Reviews on a listing help it become a citation. Rich keywords in reviews can also have benefit.
Other Local Search Tips
If you’re helping local businesses, there are ways to mimic location when performing test searches to simulate real localized searches. Use the Search Tools setting to change your location.
What about Bing and Yahoo? They have kept their own local programs despite merging other search results. Bing has its own dashboard similar to Places, but with some interesting additional features, such as being able to specify relevancy percentage of your categories. Yahoo has kind of frozen since the new CEO took over. Rodecker’s agency has seen a lot of verification postcards not sent, or businesses getting blank postcards.
Local Splash has an “SEO process” they go through with a site. They work to make each destination unique, and create geo-targeted landing pages for each location populated with unique content. But these days they see more benefit from just optimizing the business’s own website.
What about local schema markup? It does create a better chance of data being recognized as a citation by Google.

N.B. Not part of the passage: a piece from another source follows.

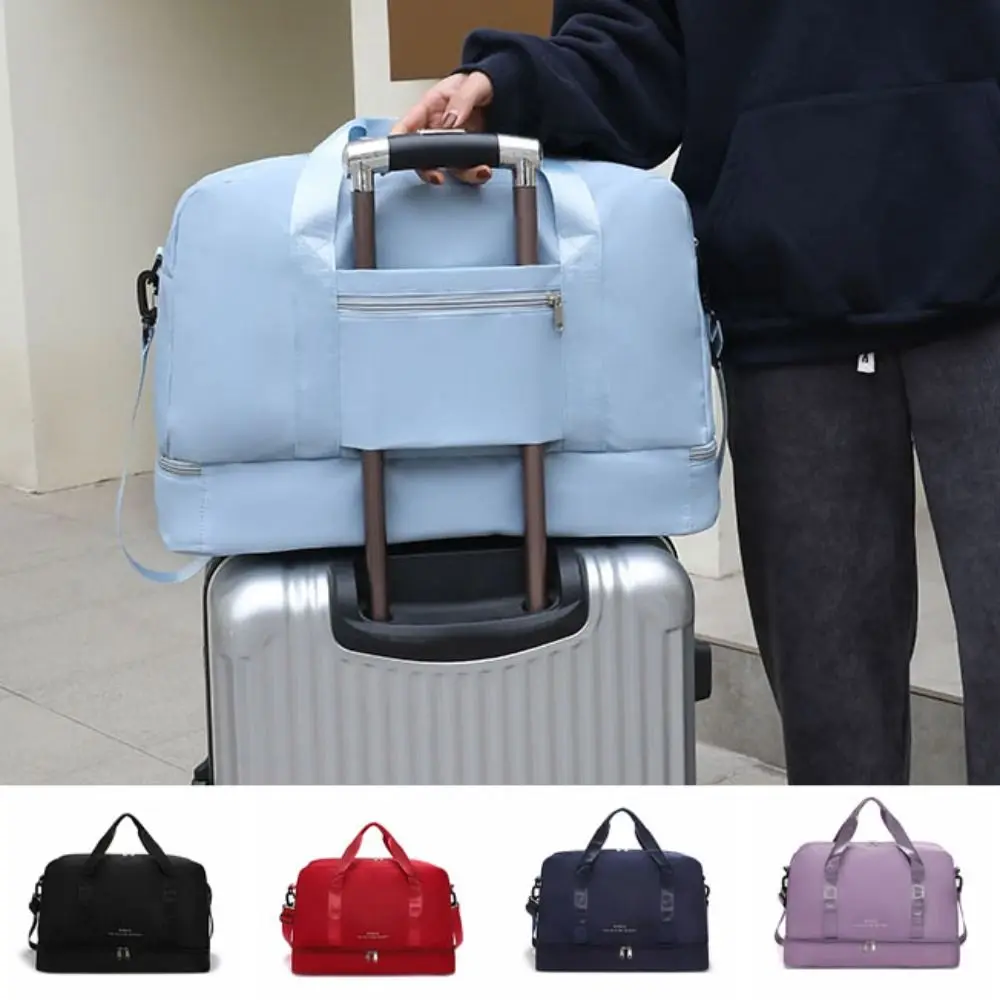 Расширяемая дорожная спортивная сумка, большая вместительная водонепроницаемая женская сумка для фитнеса, сумка через плечо для сухого и влажного разделения, спортивная сумка на плечо

Local pages vs. brand pages: Brand is a stronger signal. Local Splash tries to take advantage of local pages by location. If you are a franchise that can tie into a main brand site, that’s going to be a stronger signal.
Closing thoughts:
- Insights in Places management: a lot of good information there, including keywords that are getting your business shown and are driving actual traffic.
- Put a tracking code in your business listings to better track results (although the code doesn’t always come through on clicks from the search results).
- Make use of image optimization using EXIF geo-information. See RelevantAds.com Tools
- RelevantAds also has a categorization tool to determine top-ranking categories for search engines.